Disclosure of Invention

In order to overcome the problems in the prior art, the invention aims to provide a battery energy storage system, an integrated safety management method, an integrated safety management device, integrated safety management equipment and an integrated safety management medium, so as to realize the control of thermal runaway accidents.

In order to achieve the above purpose, the invention adopts the following technical scheme:

an integrated security management method, comprising the steps of:

measuring a battery temperature of the battery energy storage system including the flame retardant material;

judging whether the battery temperature of the battery energy storage system containing the flame retardant material exceeds an early warning value of battery thermal runaway;

if the temperature of the battery containing the flame-retardant material of the battery energy storage system exceeds the early warning value of thermal runaway of the battery, the battery cluster is separated from the energy storage converter, and then fire is extinguished according to a fire control strategy.

Further, the early warning value of the thermal runaway of the battery is determined by the following steps:

and simulating a process when the battery module is in thermal runaway by adopting an electric-thermal coupling model, and if the temperature in the battery module is in a peak value, entering a heating process, wherein the peak value is used as an early warning value of the thermal runaway of the battery.

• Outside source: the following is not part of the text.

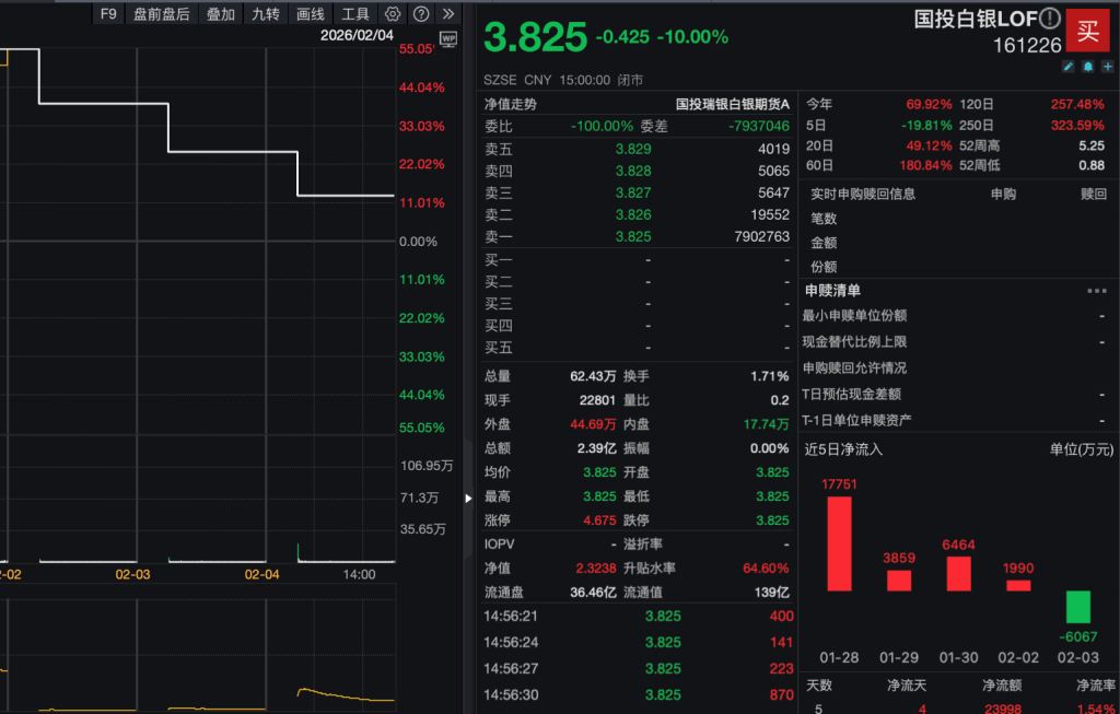 截至2月4日收盘,国投白银LOF被牢牢封于跌停板,最新价格报3.825元/份,连续三个交易日走出“一字跌停”。当日成交额攀升至2.39亿元。

Further, the temperature rising rate in the temperature rising process is more than 5 ℃/min.

Further, if the battery temperature exceeds the early warning value of battery thermal runaway, the specific method for extinguishing fire according to the fire control strategy after the battery cluster is separated from the energy storage converter is as follows: if the battery temperature exceeds the early warning value of battery thermal runaway, dividing a fire extinguishing area into a battery fire extinguishing area and an electric fire extinguishing area after the battery cluster is separated from the energy storage converter; if fire occurs in the electric fire-fighting area, the heptafluoropropyl fire-extinguishing agent is adopted to extinguish the fire, and the battery fire-fighting area is adopted to extinguish the fire by adopting the fire-extinguishing medium.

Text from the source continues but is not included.